Strange, indeed, is the way one tends to react to the differing peculiarities in others. None reminds the rotund about the obesity, for the fear of offending them, but when it comes to the lean, unmindful of embarrassing them, all tend to voice their anxiety about his health.
"Got scarce these days, why so?" Roopa welcomed Tara.
"It's all about kids' studies as their exam time is a testing time for the parents. But what's happening to you?" said Tara as Roopa led her into the bedroom.
"If it's typing and shorthand in the mornings, then, it's the course material in the afternoons. The days are passing by," said Roopa
"What about the nights?" said Tara tentatively.
"Nights follow days, don't they?" said Roopa dryly.
"Why not let days lead into nights," said Tara holding Roopa's hand.
"That way, my dreams roll my days and nights all into one," said Roopa dreamily.
"Roopa, some tea for Prasad please," said Sathyam in high pitch.
"Prasad is his childhood friend, see if he interests you," said Roopa to Tara.
"Do you think he's a prospect then?" whispered Tara.
"Why don't you find it out?" said Roopa.
"But you spoil my chances with the prized one," crooned Tara.

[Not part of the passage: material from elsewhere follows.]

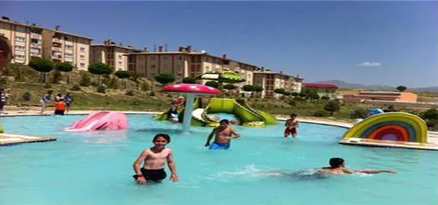 Şiranlı çocuklar sıcak havada aquaparkta serinliyor
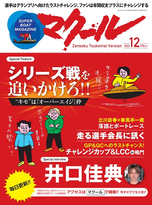 今夏より選手会長になった瓜生正義にインタビューを実施。選手会長としての考えを聞いた。そして9月に真打ちへと昇進したボート大好き落語家・春風亭一蔵師匠。その昇進祝いに立川談春師匠が駆けつけてくれた。「落語とボートレース」対談。もちろん年末最大の勝負駆け、チャレンジカップもガッツリ展望!

"I don't get you," said Roopa a little puzzled.
"Am I not constrained to hook up your fancied man?" said Tara winking at Roopa.
"Stay off from him or else," Roopa said mockingly threatening Tara.

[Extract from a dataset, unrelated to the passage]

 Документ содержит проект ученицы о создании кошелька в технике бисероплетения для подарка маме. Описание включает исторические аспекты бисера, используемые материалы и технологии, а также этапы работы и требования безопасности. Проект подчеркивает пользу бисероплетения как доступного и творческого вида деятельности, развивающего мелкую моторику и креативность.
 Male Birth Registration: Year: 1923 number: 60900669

"All right, till you get him," said Tara smilingly.
"Still it's a threat as your timepiece could be turning anticlockwise to make you ever younger," said Roopa, in all admiration for Tara's charms.
"After I'm done with it, I would present that to you," said Tara winking at Roopa,
"But for now, what if he..." winked Roopa back at Tara.
"I'll see," said Tara.
"Good luck," said Roopa and led Tara into the hall with tea for all.

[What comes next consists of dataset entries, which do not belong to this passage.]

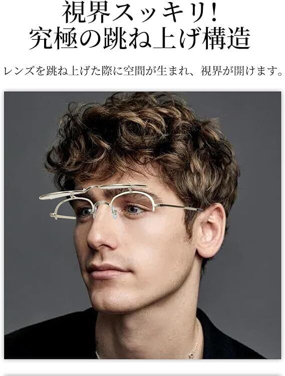 【跳ね上げ式拡大鏡 】--跳ね上げ式拡大鏡 のメリットは、状況に応じて眼鏡をかけたり外したりする手間がかからないことです。跳ね上げ式ならば、レンズを上げるだけで裸眼状態になるので便利です。
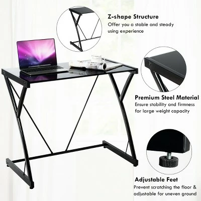 This is our brand-new and elegant computer desk, which will be a perfect addition to your home or office furniture. Combining the Z-shape frame with iron legs, this table provides you with years of sturdy and reliable use. Made of superior tempered glass with heat-resistant and wear-resistant features, this tabletop not only ensures aesthetics but also offers great load-bearing capacity. With its large full-size workstation, the writing table provides you with a convenient place to work or store items. Equipped with adjustable footpads, this laptop desk is stable without shaking even on uneven ground. We are sure that this desk will bring convenience and happiness to your life. So, what are you waiting for? Order one now!. Specification: Color: black. Main material: tempered glass, iron. Overall dimension: 31.5″Ă—20″Ă—28″. Net weight: 18.5lbs. Weight capacity: 44lbs. . Package includes:. 1Ă—computer desk. 1Ă—insturction.
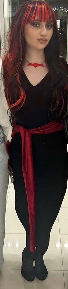 Add Thorn's necklace and gloves! Complete your Hex Girls ensemble with Thorn's red bat necklace and black fingerless opera gloves.

"She's Tara, my friend," said Roopa to Prasad serving him some steaming tea.
"He is my bosom pal and a leading industrialist," said Sathyam to Tara with a sense of pride attached to that.
It is a peculiar characteristic of people that for some inexplicable reason they feel nice about themselves when they cite their acquaintance with the successful.
"How do you do," said Prasad.
"Fine, thank you," said Tara.
"I've just dropped in on my way to attend some business, I'll be back soon," said Prasad as he got up to leave.
"We'll wait for you," said Sathyam a little puzzled, and thought aloud after Prasad had left, "doesn't he look a little confused?"
After a short while thereafter, Tara too left, leaving Sathyam pondering over Prasad's predicament. But, Roopa felt that Prasad had left fearing Tara might smell the rat from his manner, and resort to innuendoes that could alert Sathyam over time. And she knew he would come again to follow his seductive course.
The longing she felt for her lover and the resistance she had to offer to her seducer seemed to push Roopa to the brink of her chastity.